# Visual Basic > Games and Graphics Programming > Game Demos >  iChessChat3D v1.2.7 Internet Chess [VB5/VB6 Source & Exe]

## technorobbo

Let's play chess - clear across the planet (maybe the universe if the ET's are interested). This is a 3D internet Chess Game - 2 Players connect and play a game of chess with a 3D board created entirely in VB - no DirectX, No OCX (for the 3D) , Just math.

All Chess Pieces were modeled in Google Sketchup and exported to the X format using this plugin:
http://redirectingat.com/?id=474X833...hupwithdirectx 

There's actual screenshots below.

*
Revision History*
Version 1.0 June 11th 2009 - Original PostVersion 1.2.7 July 3rd 2009 -Save Games added.

*The Code*

includes: 
Parsing of the X files into sprites.Rendering of Polygons based Sprites.Flat shaded modeling of Faces from a light source.Hidden Face Elimination.Peer to Peer internet handshaking using UDP w/ retriesChatting CodeAutomatic TextBox ScrollingSaving and Loading games.
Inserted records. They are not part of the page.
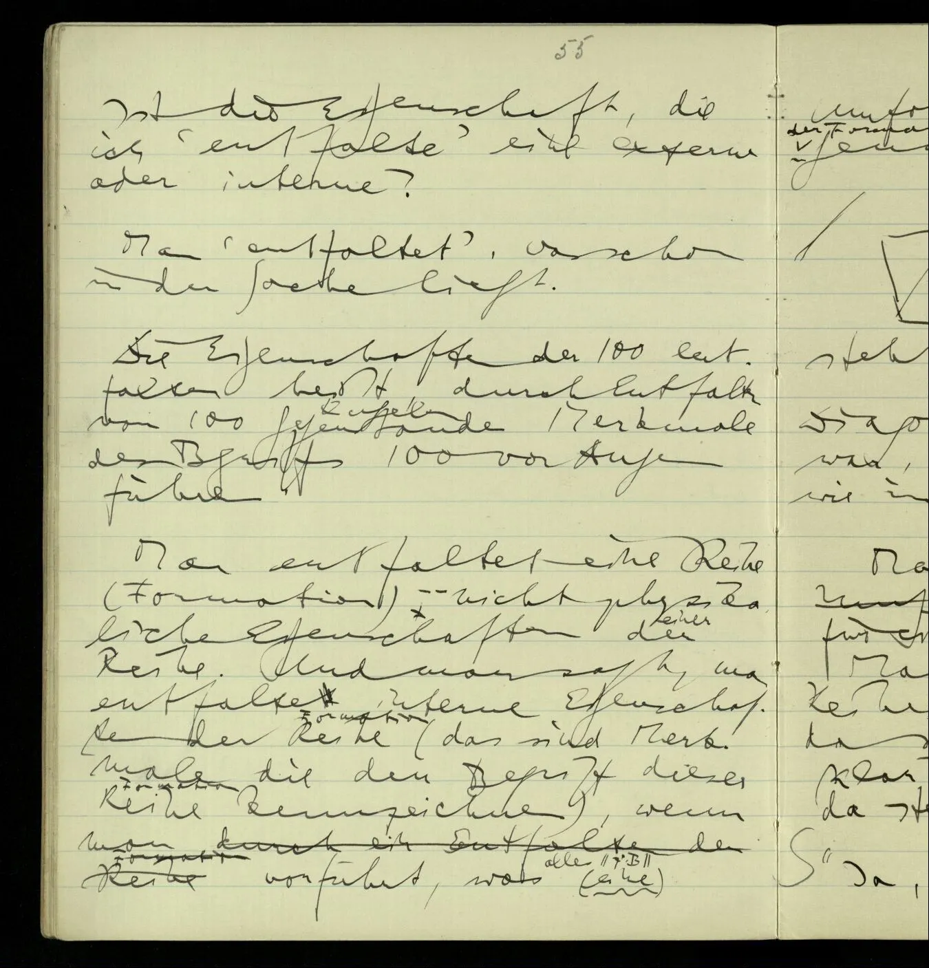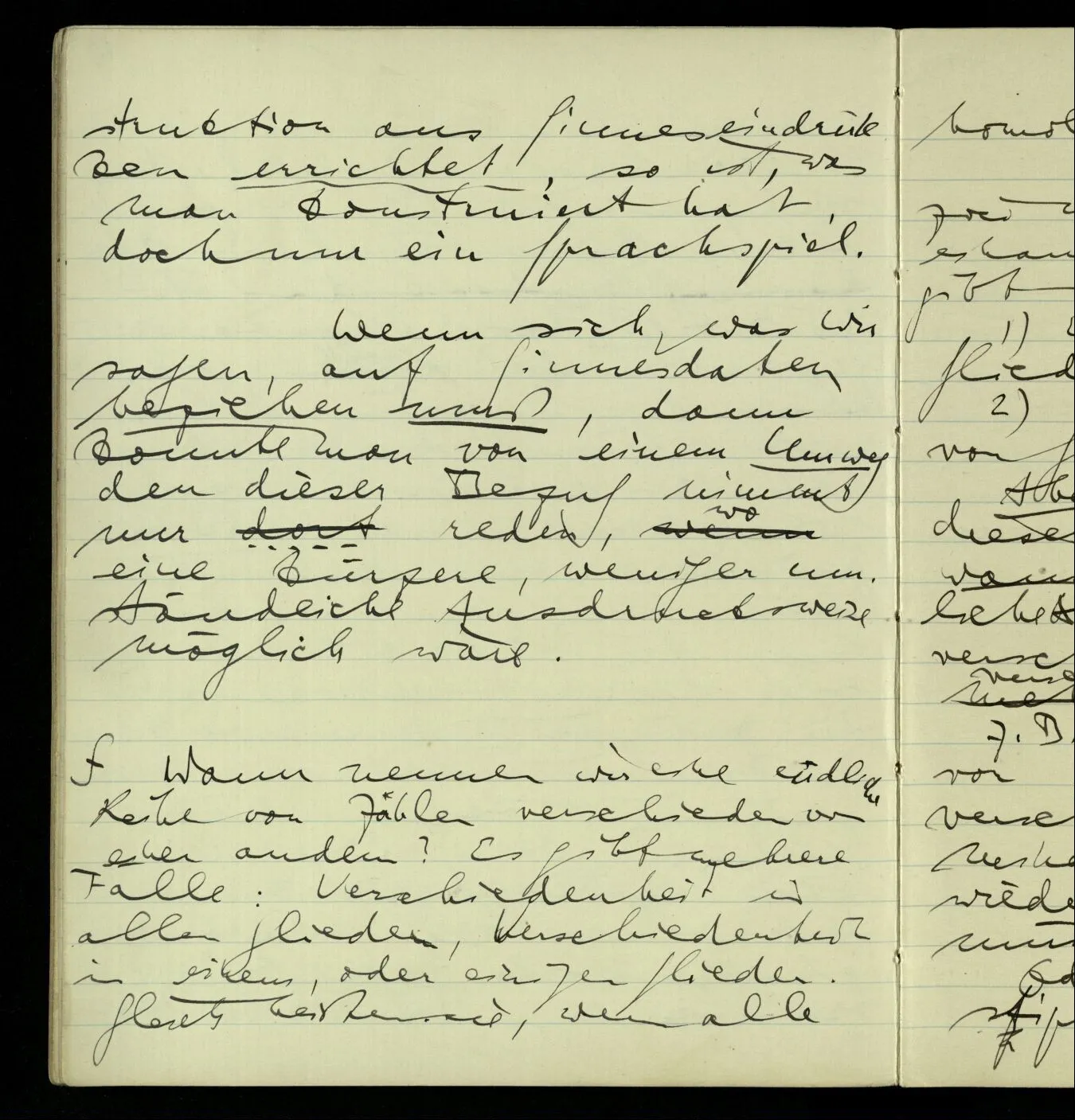 04.01.1939 ‘Man kann die Eigenschaften der Zahlen nicht in eine Reihe ordnen.’ Warum ist man (bin ich) geneigt, das zu sagen? – Wegen der Cantorschen Überlegung? Möchte ich nicht sagen: “Ein System hätte nicht die nötige Mannigfaltigkeit”? Aber warum? Weil es zu wenig Glieder hat? Ein System von Eigenschaften – möchte man sagen – ist schon eine zu große Spezialisierung. – Aber das heißt doch, daß man Eigenschaften muß angeben können, die im Gegensatz zu dem System stehen, das man etwa aufgestellt hat. Also, daß es hier wieder ein ‘anders als’ gibt. Nicht die Zahl der Glieder des Systems ist zu klein – was sollte denn das heißen? – aber indem Du ein System angabst, hast Du (selbst) neuen Bildungen den Weg gezeigt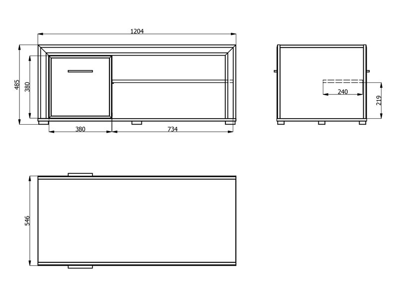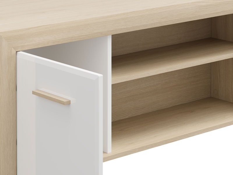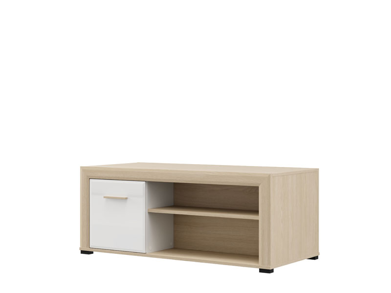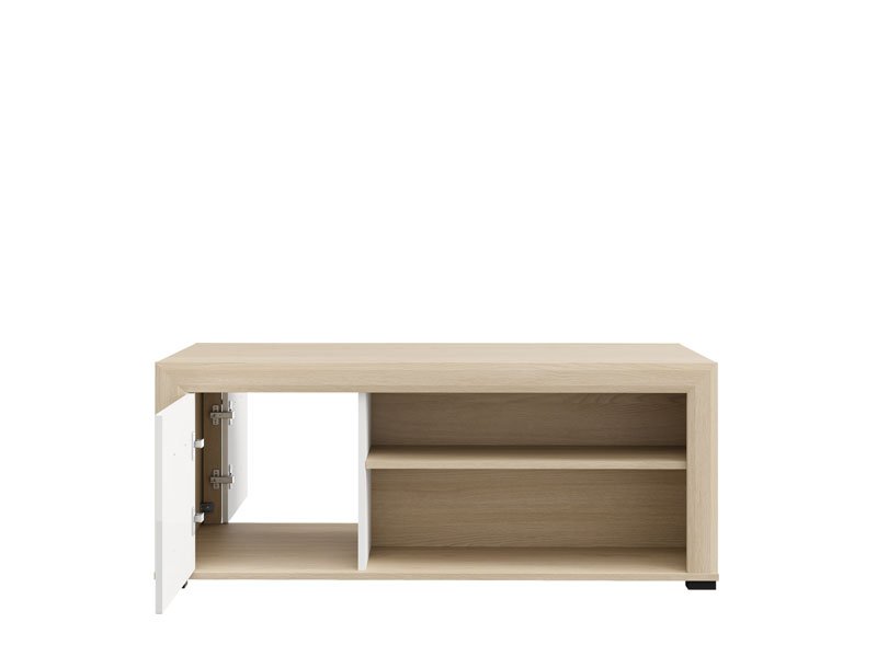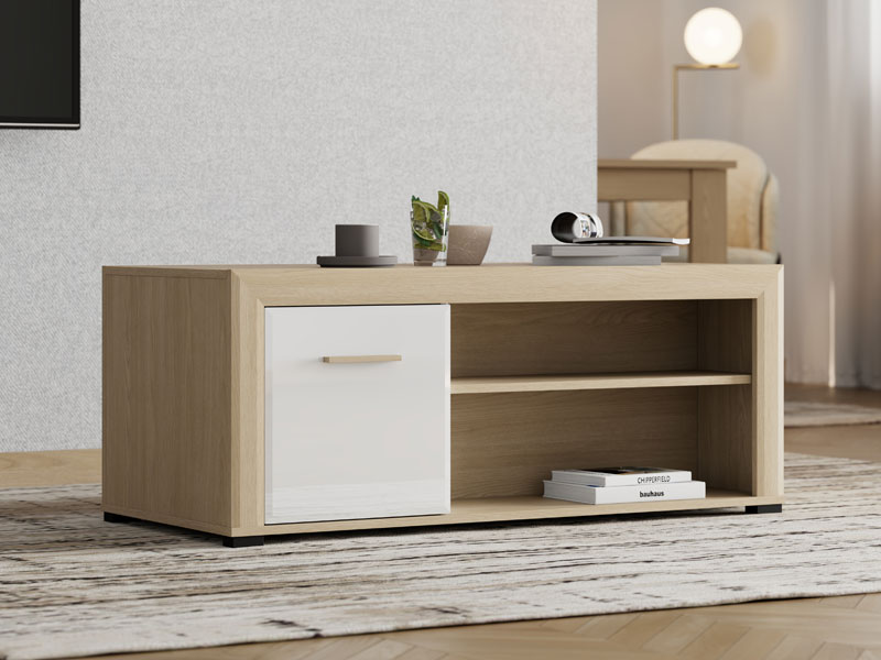 Club table CARLOW is a practical and aesthetically pleasing addition to the living room. The combination of opaque white decor, light port oak, white high gloss foil and light port oak foil brings functionality, warmth and modern aesthetics to the space. The usable space consists of a partition with double-sided closing, as well as a partition shelf under the worktop, which allows convenient disposal of items. Club table CARLOW is part of the living room design system of elements CARLOW and contributes to a harmonious and attractive styling of the home ambience.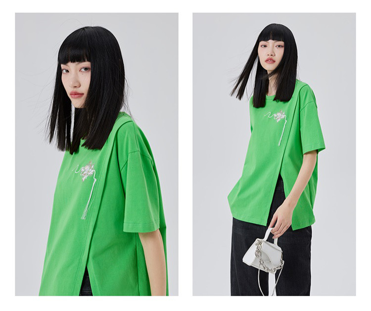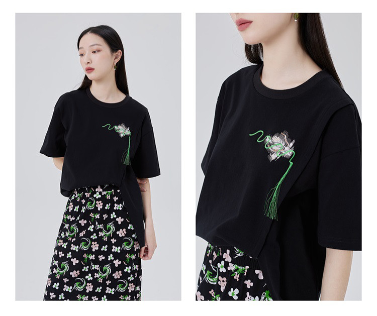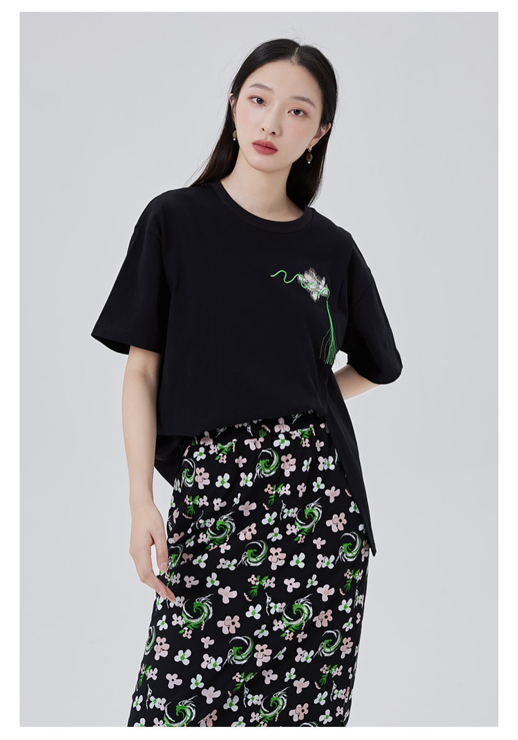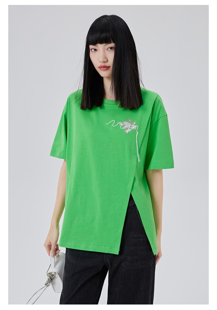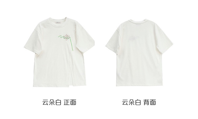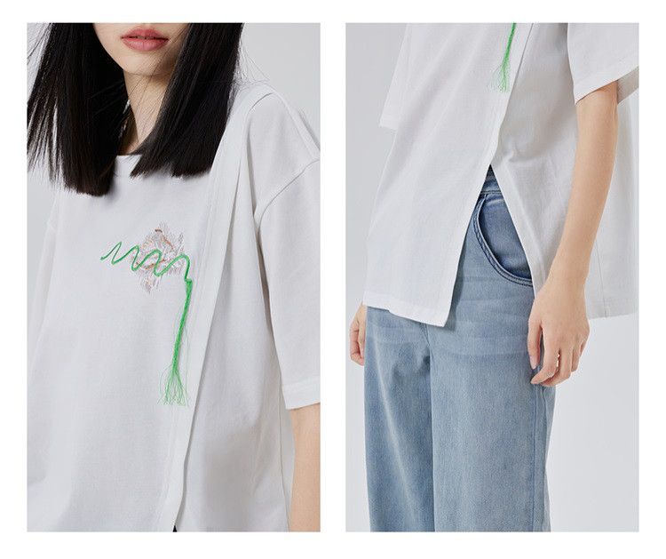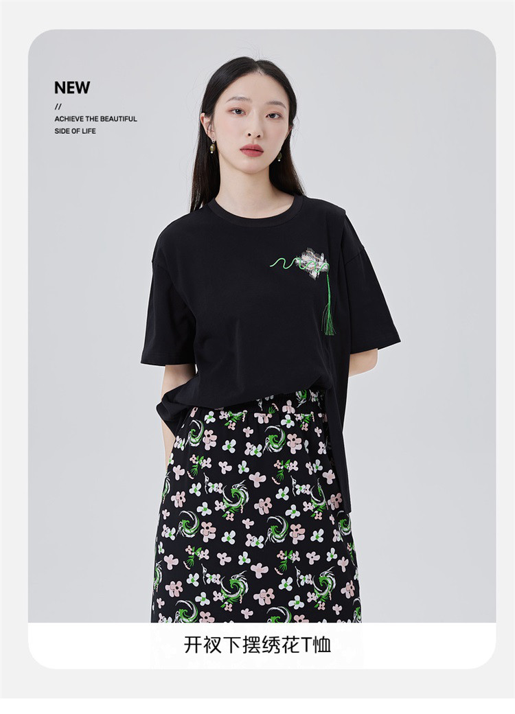 商品名称:【商场同款】100%纯棉短袖女时尚开衩下摆绣花T恤女中长款 201238

In sych with opponent.Creating Psuedo- Forms out of pictureboxes.

*The Instructions*

*Keys:*
M - Chess Menu appears Use it to connect to the other player and make you movesUP Arrow - Show Black's POVDown Arrow - shows White's POVLeft Arrow Rotates Board ClockwiseRight Arrow Rotates Board Counter Clockwise

*Button Combos*:
Right+Down - shows Black's Corner ViewLeft + Down Show's Whites Corner ViewRight + Left - Shows Side View as seen Below

*Menu Box*:Pull Down Menu For MovingChat Screen for Texting OpponentIP & Port Boxes for setting up you Game - IP's are stored in registry.Connect and Board Reset ButtonsIn the menu below I was connecting within my houses LAN, in order to discover your Internet facing IP just Google my IP you'll find many sites that will tell you - It's not necessary for both players to input both IP's only the player connecting.

Please tell me how it works for you. 

Make sure you grab all the files and unzip them in the project directory. Remember it's like a telephone you need 2 players on 2 computer to play. (Those of you Net savvy dudes will know how to do a 1 computer loopback.)

----------


## DracullSoft

Very nice - the peices looks great, technorobbo

I haven't downloaded it yet - but must get back to this in a few weeks, because the code features looks extremely interesting ... UDP with retries - and all - Cool!

----------


## technorobbo

iChessCat ver 1.2.7 available for download:
New features include:Save and Load games. In sych with opponent.Move history so you have a complete documentation of how.Current Version in menu label.Executable included - for those who just want to play.Exit Prompt to avoid accidental exits.

See post #1 for files.

Known Bug: In countries that use the comma (",") as the Radix point (decimal seperator) and the point (".") as the thousands seperator (http://en.wikipedia.org/wiki/Decimal_separator)  the X- files will have to be edited (Search and replace) so all points are converted into commas.  

I was made aware of this from a member in Italy.

----------


## Jenner

Nice little program!  I didn't know you could do such cool stuff with Sketchup.  

Are you considering hooking it into a chess-engine for 1-player play?

----------


## technorobbo

Not really - most of my family lives far from me and that was the motivation behind the game. Since I made the source available may be someone would like to have a crack at it.

----------


## ohailo

Its working but seems i'm having a problem on it...it stays a screen with a chess picture and no more....i though it just loading but till 1hr and half it stay like that..like that..like that,like that,like that,,

----------


## technorobbo

you need to be running 2 instances and connect to the other

----------